I have the new Karbon GS suit for this season although I will miss the coverage on the knees and shins.

And that is the nicest sweater you have ever seen.


----------



## riverc0il (Oct 11, 2007)

tree_skier said:


> You youngsters need to learn to pick up the pace.


That's where I come in


----------



## tree_skier (Oct 12, 2007)

I heard that BobR quit because skibum was catching up to him and he couldn't let the youngster beat him


----------



## Vortex (Oct 12, 2007)

Ski bum can make turns. He is different than you .  He makes turns you make excuses.


----------



## tree_skier (Oct 12, 2007)

Bob R said:


> Ski bum can make turns. He is different than you .  He makes turns you make excuses.



I think you are still suffering for not wearing a helmet.  Let me just point out a Fourth at the king of the hill and yes I made it over the pro jumps with both skis on on both runs.


----------



## Vortex (Oct 12, 2007)

tree_skier said:


> I think you are still suffering for not wearing a helmet.  Let me just point out a Fourth at the king of the hill and yes I made it over the pro jumps with both skis on on both runs.




You race on two boards. no wonder you beat me.:smash:

its King of the hill not over the hill/:argue:


----------



## ga2ski (Oct 12, 2007)

tree_skier said:


> I think you are still suffering for not wearing a helmet.
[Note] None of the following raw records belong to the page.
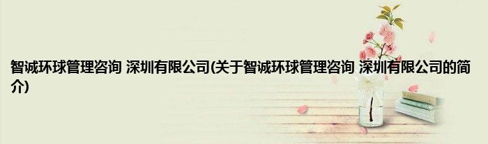 大家好,智诚环球管理咨询 深圳有限公司,关于智诚环球管理咨询 深圳有限公司的简介很多人还不知道,现在让我们一起来看看吧!
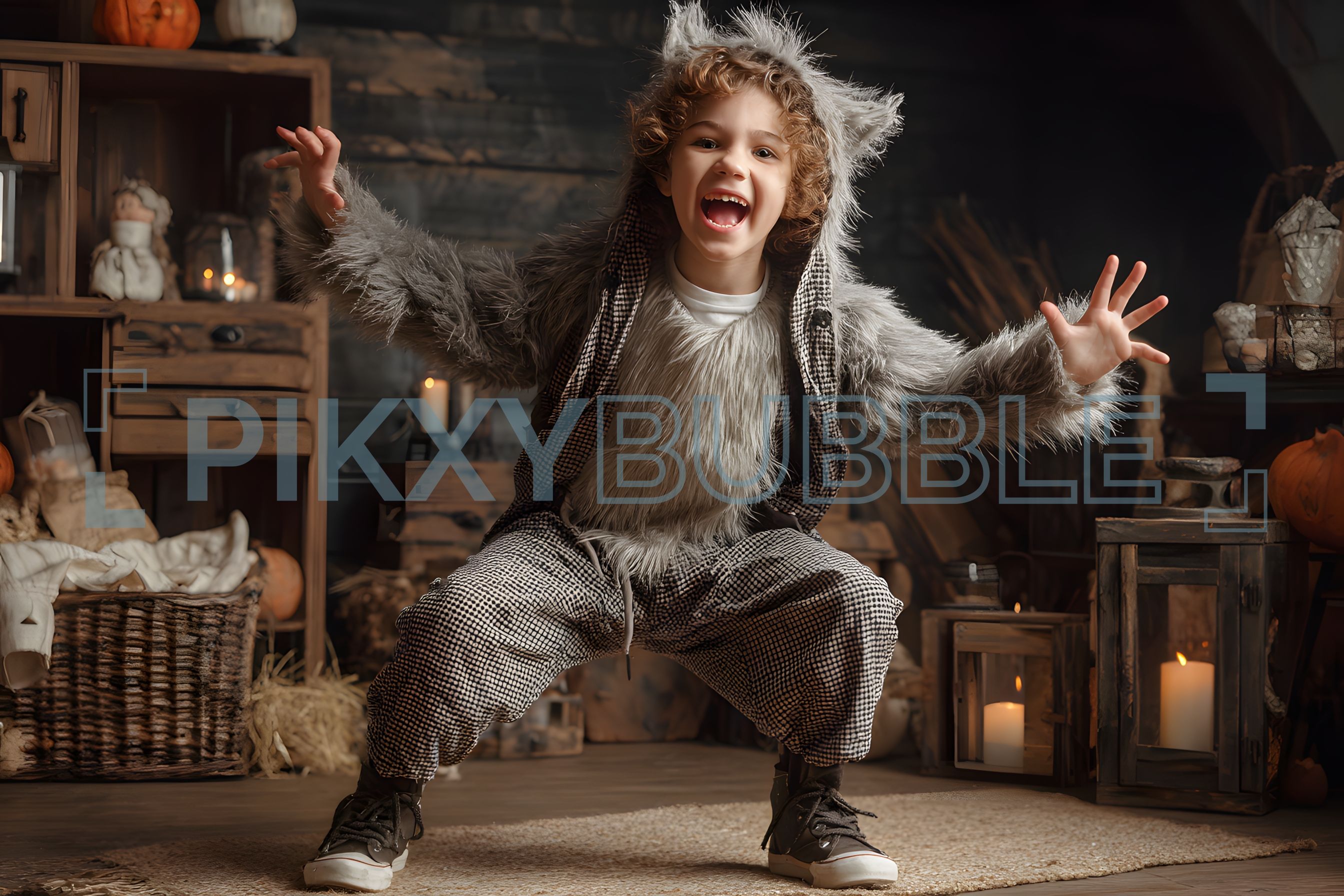 Un enfant heureux s'amuse en se déguisant en loup. C'est un moment mémorable rempli de joie.
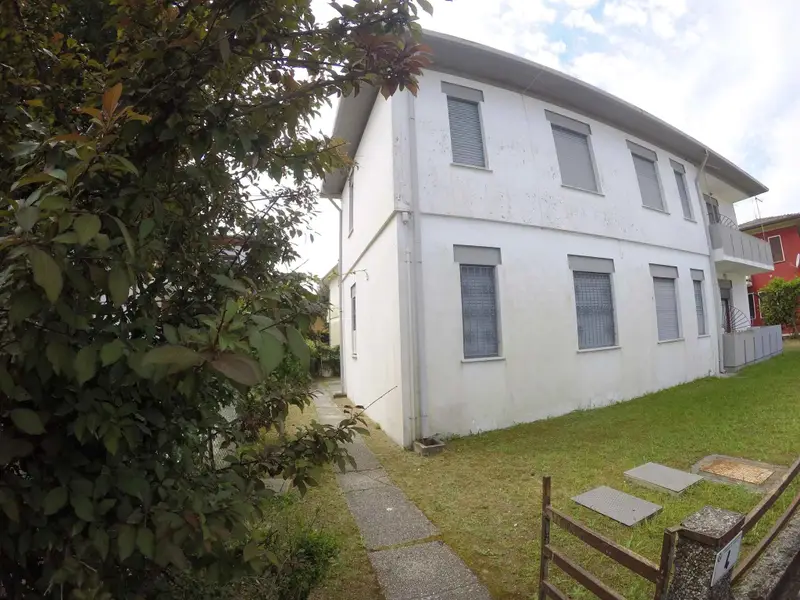 Rosolina Mare. Die Ferienwohnung befindet sich auf einem geschlossenen Grundstück mit Wiese und Bäumen, von einem Zaun begrenzt. Der Vermieter wohnt nicht im Haus oder auf dem Grundstück. Die Zufahrt erfolgt direkt von der Hauptstraße (asphaltiert). Parkplatz in Carport. Parkplatz im Hof Pool.

Let me just point out a Fourth at the king of the hill and yes I made it over the pro jumps with both skis on on both runs.


 
That is because the other three people didn't see your vintage attire.  The rest were laughing so hard they couldn't concentrate on their runs.


----------



## skibum9995 (Oct 12, 2007)

I have a good feeling about this year. I'm gunna be faster, i can feel it.


----------



## tree_skier (Oct 12, 2007)

skibum9995 said:


> I have a good feeling about this year. I'm gunna be faster, i can feel it.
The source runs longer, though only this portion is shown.